[Haskell-cafe] hsffig issues (was: Suggestions for #defines with
FFI)
Dimitry Golubovsky
dimitry at golubovsky.org
Thu Jul 28 00:08:11 EDT 2005
John Goerzen wrote:
> Incidentally, I looked at hsffig. There were a couple issues with using
> it for this:
>
> 1) It didn't declare types for the imported constants, so Haddock
> wouldn't generate a list over it.
I never tried to make hsffig output documentable: the whole idea is just
to write "import FOO_H" in Haskell as one would write "#include <foo.h>"
in C.
> 2) It included all sorts of other #defined items, from other headers
> (stdio.h maybe), making it unsuitable to re-export directly to the user.
> (I'd have to re-key everything anyway)
I mentioned this in the Tutorial: hsffig gives the Haskell compiler the
same look at information about the library to import as the C compiler
would have.
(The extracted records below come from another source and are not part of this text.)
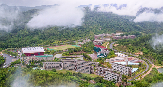 学校校园占地500亩,坐落于中山市生态保护区五桂山石鼓,依山傍水,风景如画,由法国著名建筑设计大师莫尼先生设计,建筑面积约12万平方米,绿化面积约10万平方米。现有在编教职员358人,其中专任教师294人,高级职称121人,“双师型”教师205人,有硕士学位109人,形成了一支以高、中级教师和“双师型”为主体的高素质的教师队伍。
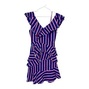 Alice + Olivia Laflora Asymmetric Ruffle Stripe Dress-Size 8
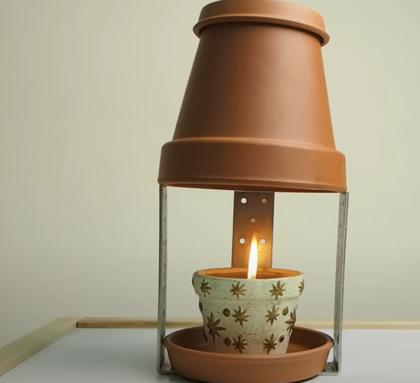 Також можна зробити обігрівач зі свічки та квіткового горщика. Вазон при цьому має бути з глини чи іншої кераміки, а не пластику. Знадобиться три горщики різного діаметру, великий металевий болт із шайбами та гайками.
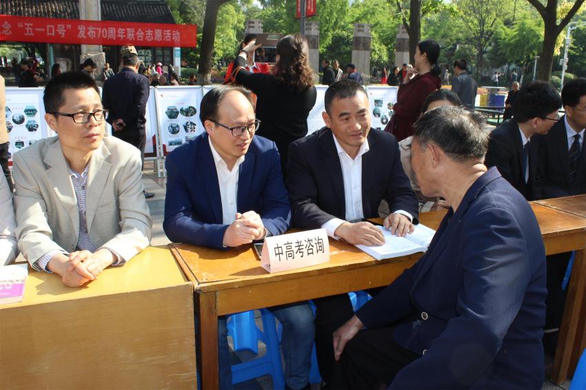 4月25日上午,中共江阴市委统战部组织的纪念“五一口号”发布70周年联合志愿活动在学院场举行。民盟江阴市委副主委邹凤翔与来自南菁支部、市中支部、二中支部的8位老师参加了此次志愿活动,主要是提供中高考咨询和心理咨询。
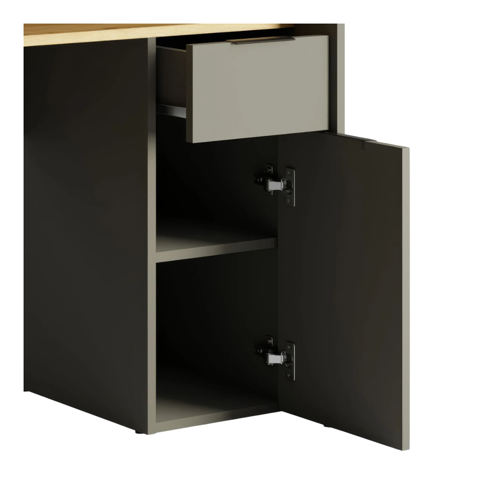 Une solution à la fois pratique et élégante pour un intérieur moderne. Il a également été conçu en pensant aux jeunes. Devant: panneau stratifié 16 mm - Bordure en ABS - Support en métal noir, longueur 136 mm, entraxe 128 mm - rideaux à fermeture douce - Rail de guidage inférieur à fermeture silencieuse, extension 3/4 QUADRO - Corps: Panneau stratifié de 18 mm - Bordure en ABS - Dessus de table : panneau stratifié 28 mm - Bordure en ABS - Dimensions: Largeur : 138 cm, Hauteur : 75,3 cm, profondeur : 107 cm. Couleur: gris clair.
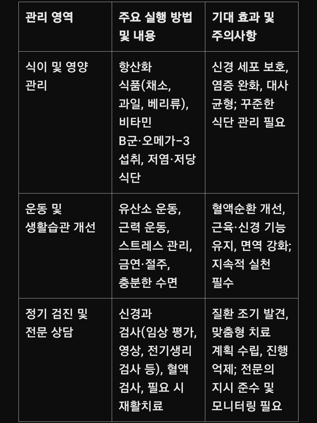 신경계 질환(파킨슨병, 말초신경병증 등)을 조기 발견하고, 생활습관 개선, 식이요법, 운동, 정기 검진을 병행하는 통합적 접근이 필요합니다.
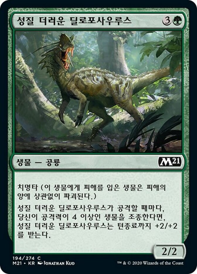 | Rules | Deathtouch (Any amount of damage this deals to a creature is enough to destroy it.) Whenever Ornery Dilophosaur attacks, if you control a creature with power 4 or greater, Ornery Dilophosaur gets +2/+2 until end of turn. |
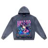 DTG-Druck Gestrickter Denim Zip-Up Hoodie Japan Samurai Bruder Druck Reißverschluss Hoodies
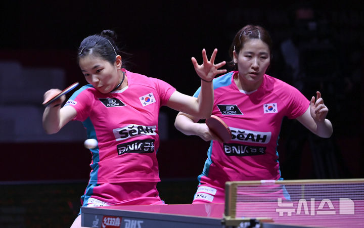 [서울=뉴시스] 사진공동취재단 = 김나영, 이은혜가 17일 (현지 시간) 카타르 도하 루사일 스포츠 아레나에서 열린 2025 국제탁구연맹(ITTF) 세계선수권대회 여자복식 64강에서 스웨덴 린다 베리스트롬(LINDA BERGSTROM), 크리스티나 켈베리(CHISTINA KALLBERG)조와 경기를 펼치고 있다. 2025.05.18. [email protected]
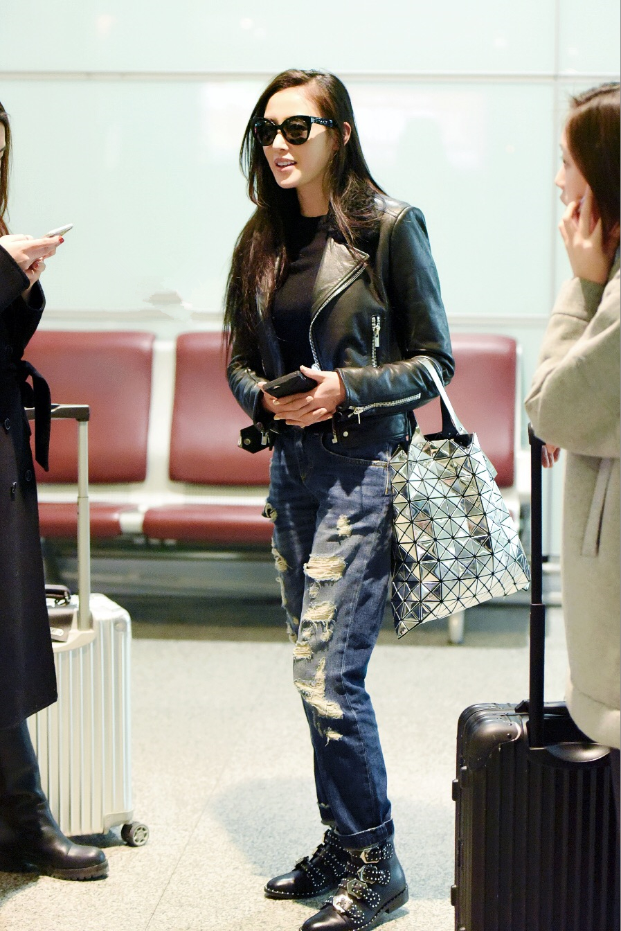 现身机场,一身潮装打扮干练十足,飒爽帅气。随后还有人目击其在机舱单手拿行李,十足女汉子。
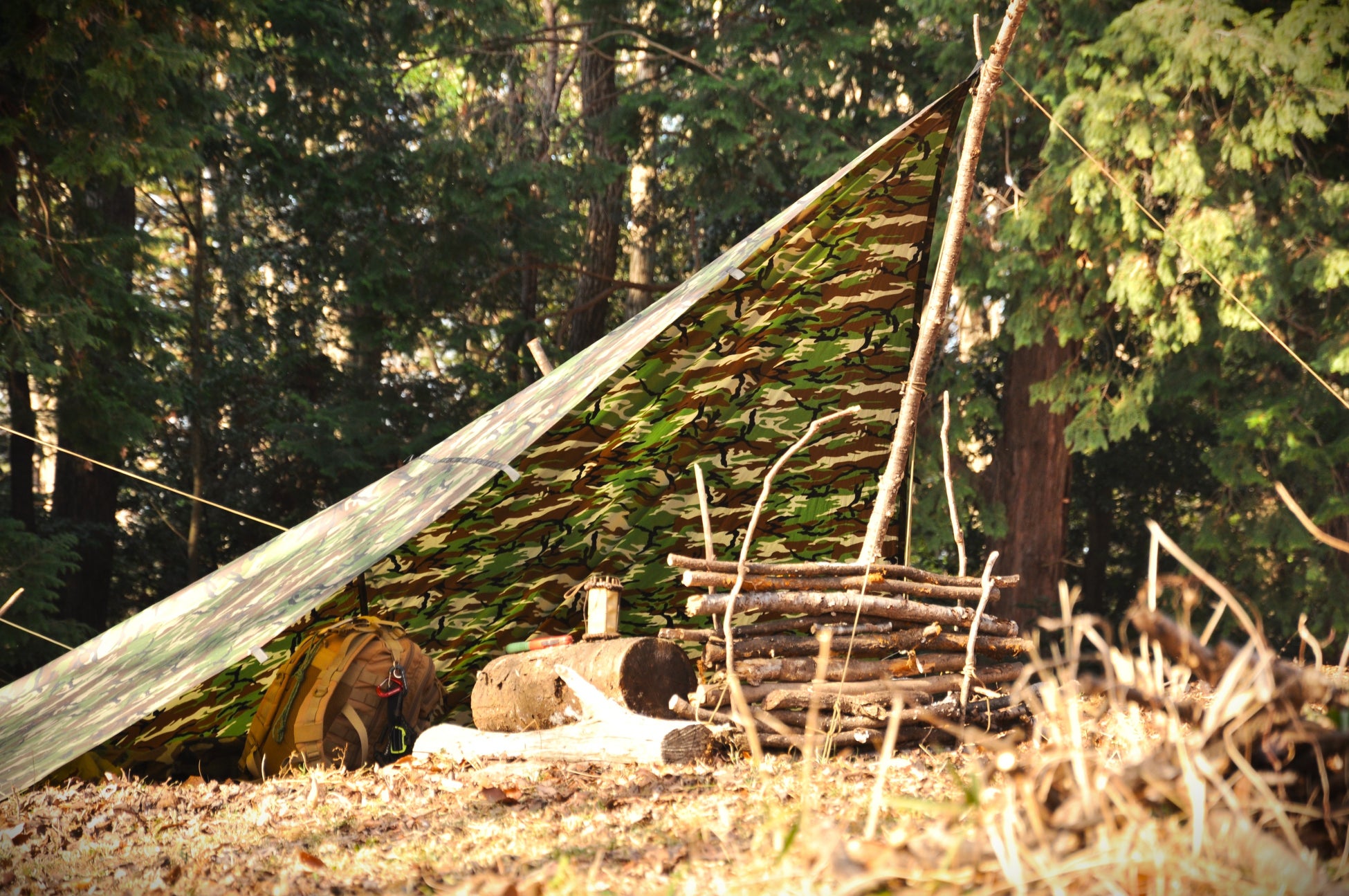 【正午】古道を抜けた先の森でビバーク(緊急避難的なキャンプ)を想定したデイキャンプ&ランチに挑戦。素早く役割分担して拠点をつくり、火をおこしてお湯を沸かしたら、温かい昼食の時間です。
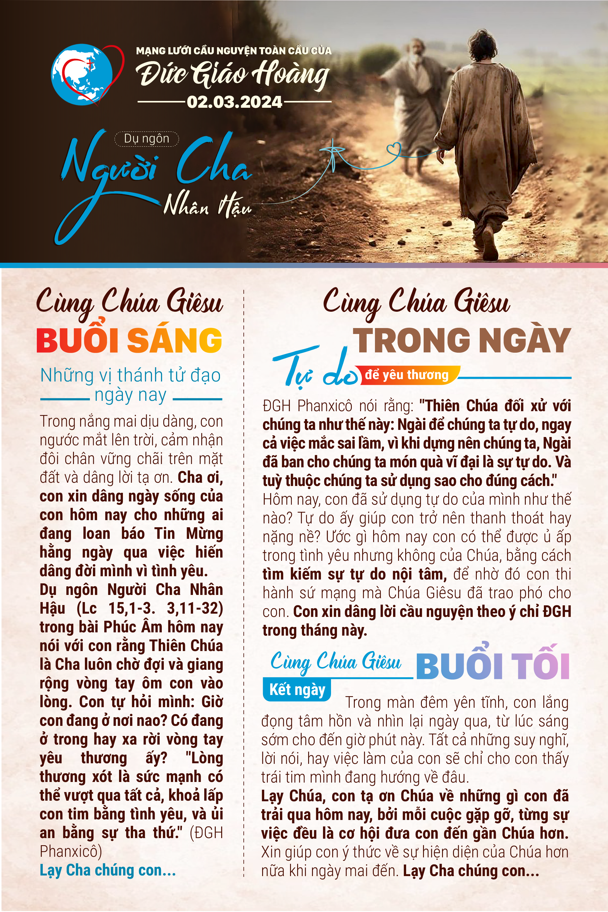 Dụ ngôn Người Cha Nhân Hậu (Lc 15,1-3. 3,11-32) trong bài Phúc Âm hôm nay nói với con rằng Thiên Chúa là Cha luôn chờ đợi và giang rộng vòng tay ôm con vào lòng. Con tự hỏi mình: Giờ con đang ở nơi nao? Có đang ở trong hay xa rời vòng tay yêu thương ấy? “Lòng thương xót là sức mạnh có thể vượt qua tất cả, khoả lấp con tim bằng tình yêu, và ủi an bằng sự tha thứ.” (ĐGH Phanxicô) Lạy Cha chúng con…
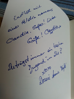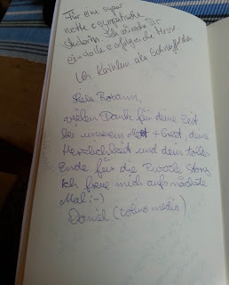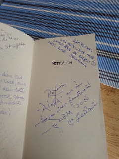 In diesem Jahr habe ich beschlossen, diese Erinnerungen zu „dokumentieren“. Ich habe die Leserinnen und Leser, die Buchbloggerinnen und –blogger, meine Autorenkolleginnen und –kollegen gebeten, mir etwas in eines meiner Bücher zu schreiben – quasi als eine Art umfunktioniertes Poesiealbum.
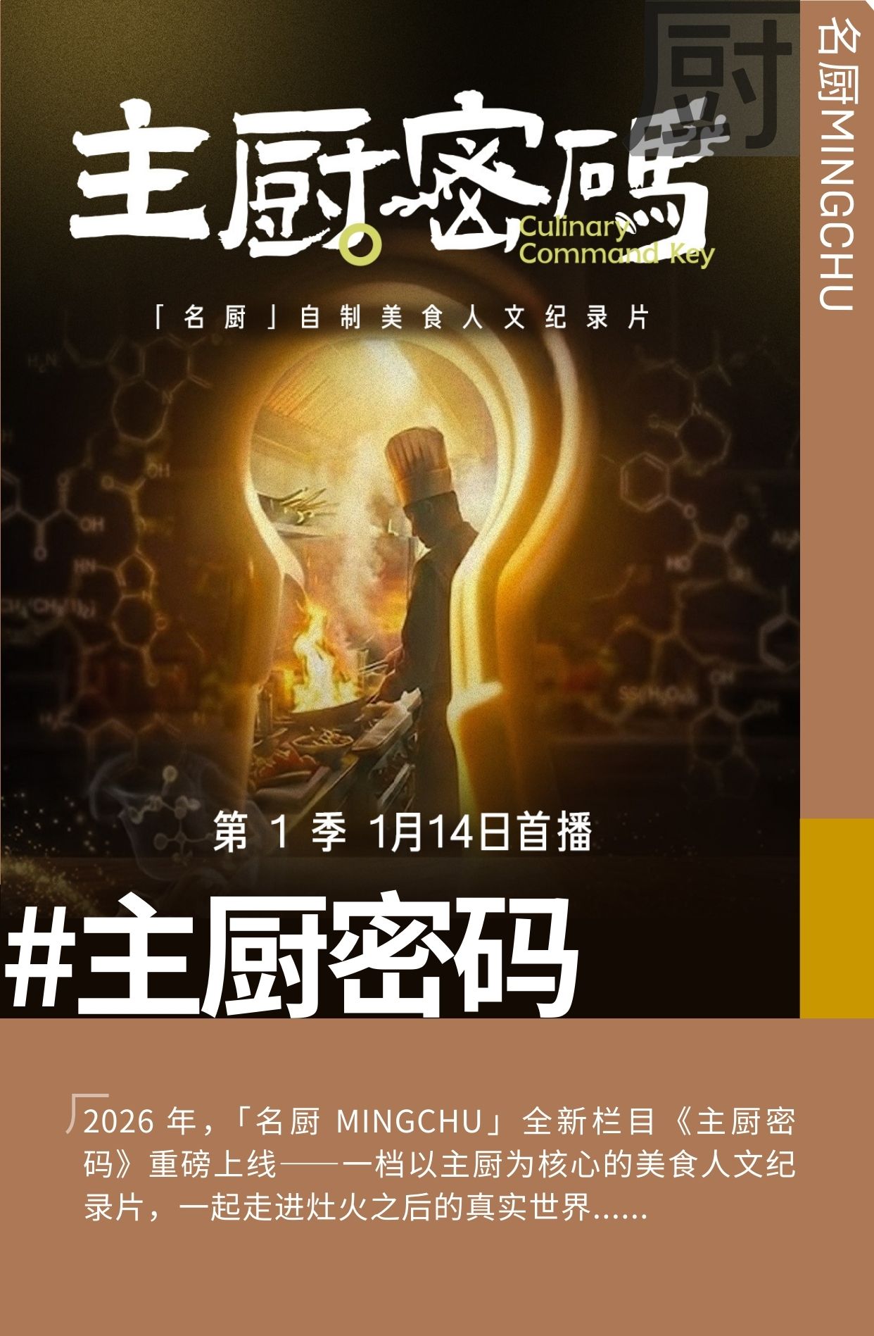 2026 年,「名厨 MINGCHU」全新栏目《主厨密码》即将开启。这是一部以主厨为轴心的美食人文纪录片。我们将镜头交还厨师,走进他们的厨房与城市,为每一位烹饪者留存一段真实的影像。
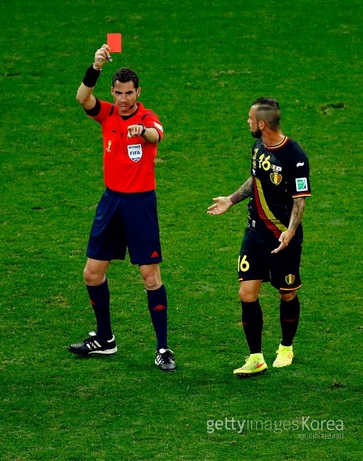 이날 후반 45분 벨기에 미드필더 스테번 드푸르가 김신욱의 발목을 고의로 밟아 주심으로부터 레드카드를 받았다. 드푸르는 억울하다는 제스처를 취했으나 벤저민 윌리엄스 주심은 단호했다.
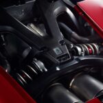 Također, ovjes stalno upravlja udaljenosti od tla, maksimizirajući mehaničko prianjanje guma pri nižim brzinama, ali spuštajući karoseriju prema dolje za ozbiljne aero performanse pri višim brzinama. Ferrari se pohvalio s 1000 kilograma potisne sile pri brzini od 250 km/h.

It is hard to separate such things: your header file that
you include may include ten other headers, five of them related to the
library, and the rest from /usr/include
And you do not need to reexport because wherever you need the bindings,
you just import them there. You still have to have some library
interface layer in your application, but you do not focus on type
signatures of foreign functions.
> 3) It tried to list some of the GCC internal conditionals as constants,
> making the .hsc not compile unless I manually removed some of them.
Can you provide an example of that? With (almost antique) egcs-2.91.66 I
never had anything like this. What was in the .hsc file and what was the
compilation error?
> I really like the idea, though. Autodetecting these is great, since
> they could vary somewhat from implementation to implementation.
Exactly: the Haskell compiler gets the same information (e. g. from
features.h) as the C compiler got when compiling the library.